WORK ITEM
Set out exactly, and only, the lines running from the one containing "Traditional French Brass" to the bottom of the listing below; pictures stay out.
=====
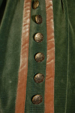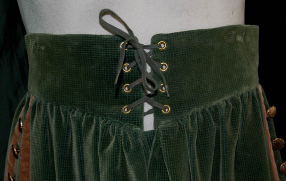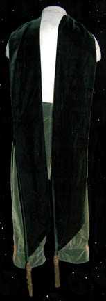 Description: “Geordi La Forge's” (LeVar Burton) 19th century period costume made for wear in the Star Trek: The Next Generation episode “Hollow Pursuits” in which a troubled “Lieutenant Barclay” (Dwight Schultz) created a fantasy in the holodeck. The costume lot includes two pairs of green breeches each with lacing at the waist. Down the side of each leg is two strips of brown trim with detailed gold colored buttons in between. Due to time and use the buttons are missing from the lower legs of both pairs. Also included are two pairs of gold colored tights and a green sash with tassels at the ends. Green flares for the boots (not available) are included. Costumes come complete with costume tags.
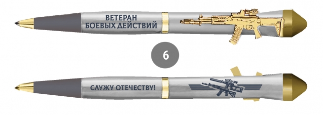 Подарочная ручка "Служу Отечеству!" Ветеран боевых действий с автоматом в футляре (Наконечник корпуса выполнен в форме боеголовки ракеты «Орешник», подчёркивая патриотичный характер ручки.)
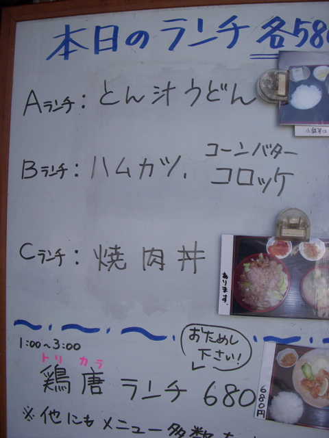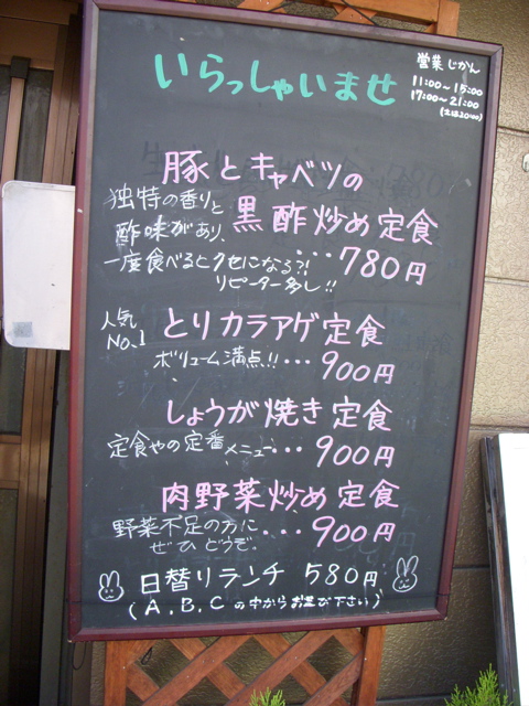 店の前にはメニューが書かれた黒板と、定番メニューを書いたものが立てかけてある。なんか雑然とした感じがする。
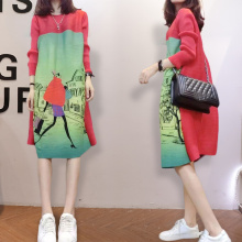 2017春装欧洲新款女装欧货潮站时尚印花撞色拼接中长款长袖连衣裙
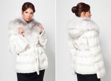 Coffee, smoky and ashy are the most common colors of rabbit fur coats. Products made from Rex rabbit fur are most often black and blue, and from ogilag - red-brown (under the beaver) and white-gray (under the chinchilla). Fur coats made of white or cream rabbit are very popular, often such products compete even with luxurious mink. A white fur coat can be a great addition to the image of the bride, if the wedding is planned for the cool season.
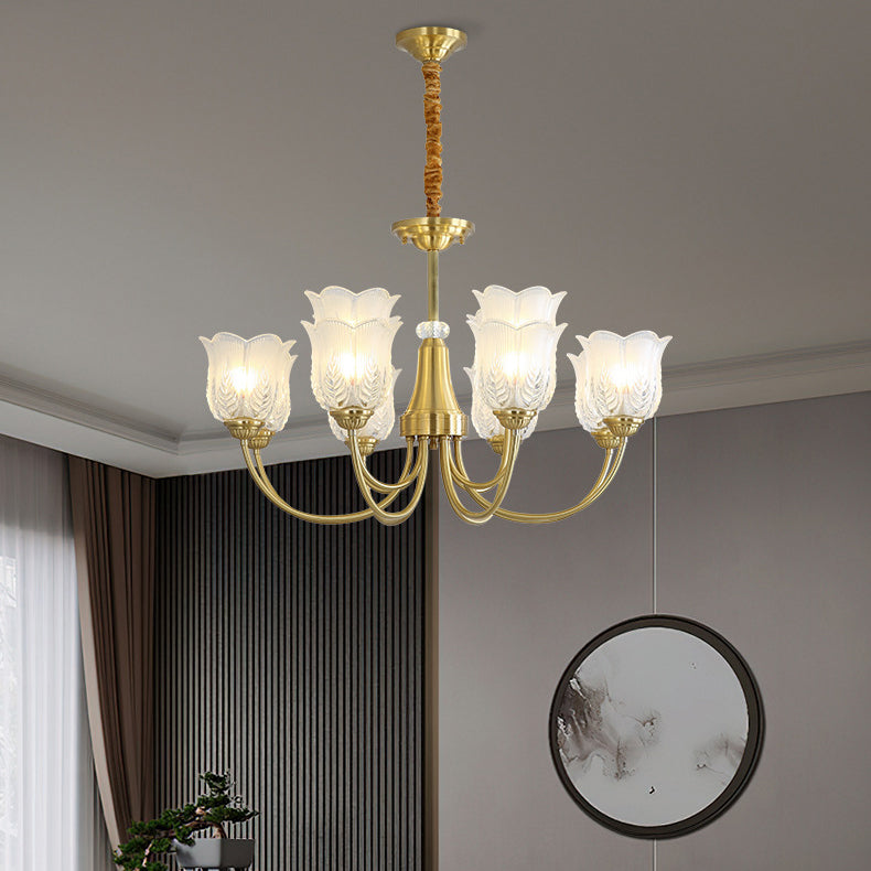 Traditional French Brass Glass Crystal Floral Bud 6/8/10/12 Light Chandeliers For Living Room
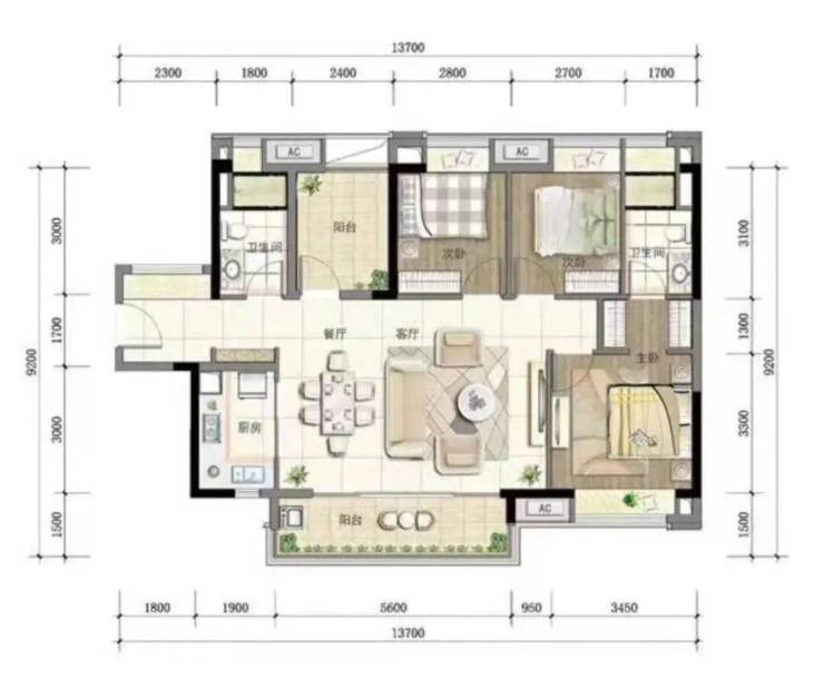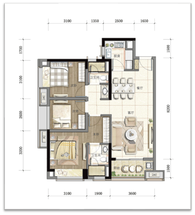 动静分区:三房同一排布,减少过道空间,增加使用面积,私密性强。
=====
TASK SOLUTION
 Traditional French Brass Glass Crystal Floral Bud 6/8/10/12 Light Chandeliers For Living Room
 动静分区:三房同一排布,减少过道空间,增加使用面积,私密性强。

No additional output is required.